BRIEF DESCRIPTION OF THE DRAWINGS
[0015] The accompanying drawings illustrate various embodiments of
the present invention and are a part of the specification. The
illustrated embodiments are merely examples of the present
invention and do not limit the scope of the invention.
[0016] FIG. 1 illustrates an exemplary sequence of three types of
pictures according to an embodiment of the present invention, as
defined by an exemplary video coding standard such as the MPEG-4
Part 10 AVC/H.264 standard.
[0017] FIG. 2 shows that each picture is preferably divided into
one or more slices consisting of macroblocks.
[0018] FIG. 3 shows a preferable implementation of an adaptive UVLC
coding method according to an embodiment of the present
invention.
[0019] FIG. 4 illustrates an implementation of a sliding window
embodiment of the present invention.
[0020] Throughout the drawings, identical reference numbers
designate similar, but not necessarily identical, elements.
DETAILED DESCRIPTION
[0021] The present specification provides a method of bit stream
generation using adaptive universal variable length codeword (UVLC)
coding. The method can be used in any digital video coding scheme
that generates an encoded bit stream by means of a look up table.

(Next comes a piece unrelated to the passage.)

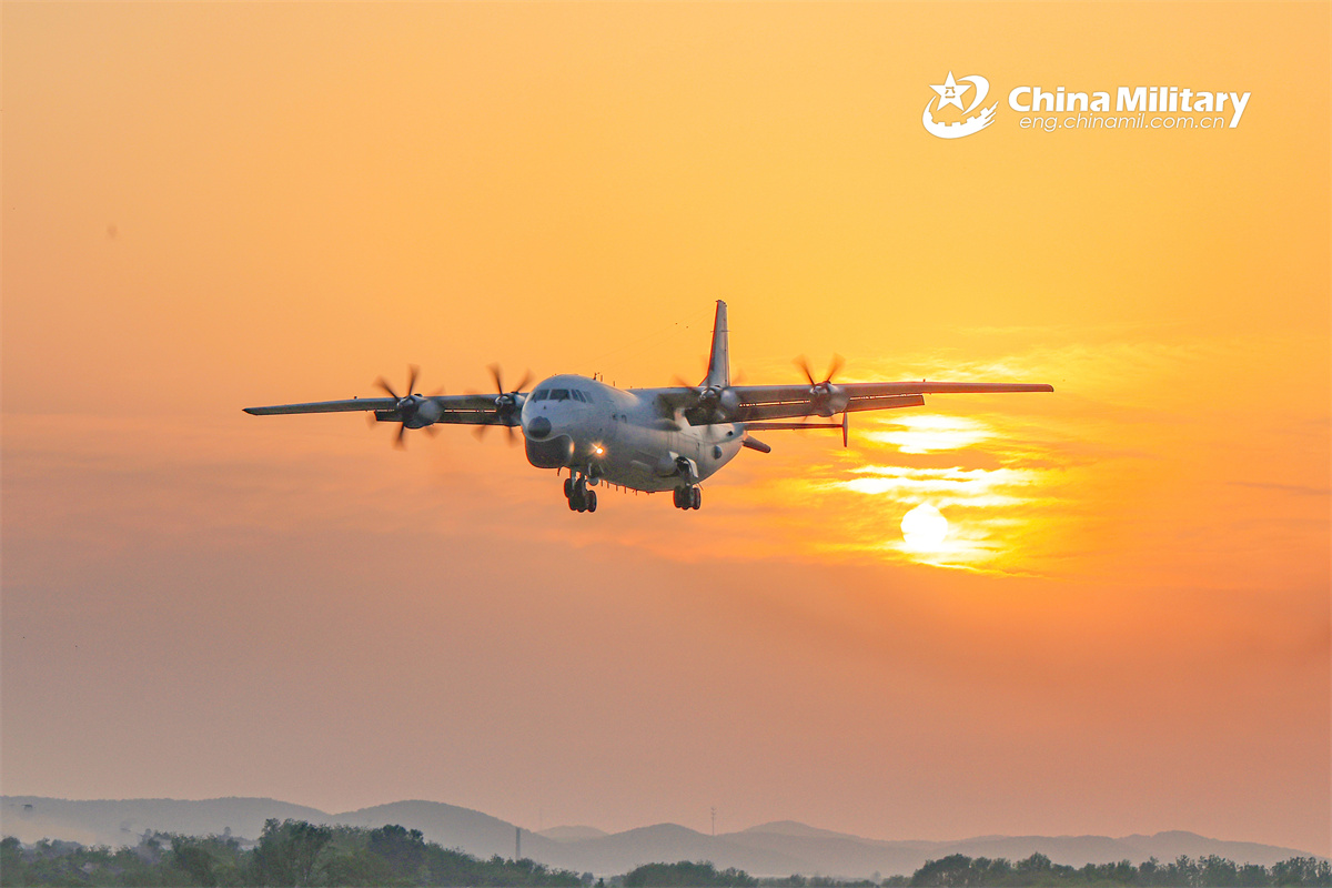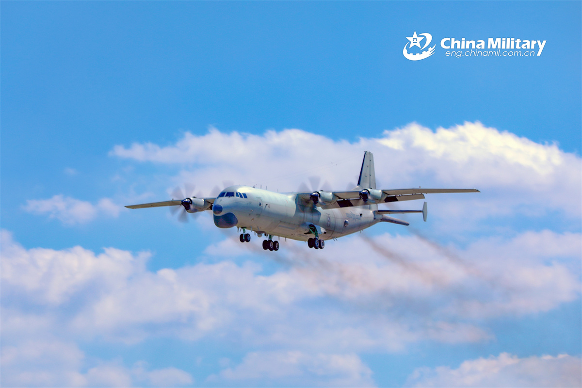 An anti-submarine patrol aircraft attached to an aviation unit under the Chinese PLA Navy takes off for an anti-submarine training exercise. (eng.chinamil.com.cn/Photo by Bu Lingbin)

In particular, the method can be implemented in the UVLC and
context-based adaptive binary arithmetic coding (CABAC) coding
schemes found in the MPEG-4 Part 10 AVC/H.264 video coding
standard.
[0022] As noted above, the MPEG-4 Part 10 AVC/H.264 standard is a
new standard for encoding and compressing digital video content.
The documents establishing the MPEG-4 Part 10 AVC/H.264 standard
are hereby incorporated by reference, including the "Joint Final
Committee Draft (JFCD) of Joint Video Specification" issued on Aug.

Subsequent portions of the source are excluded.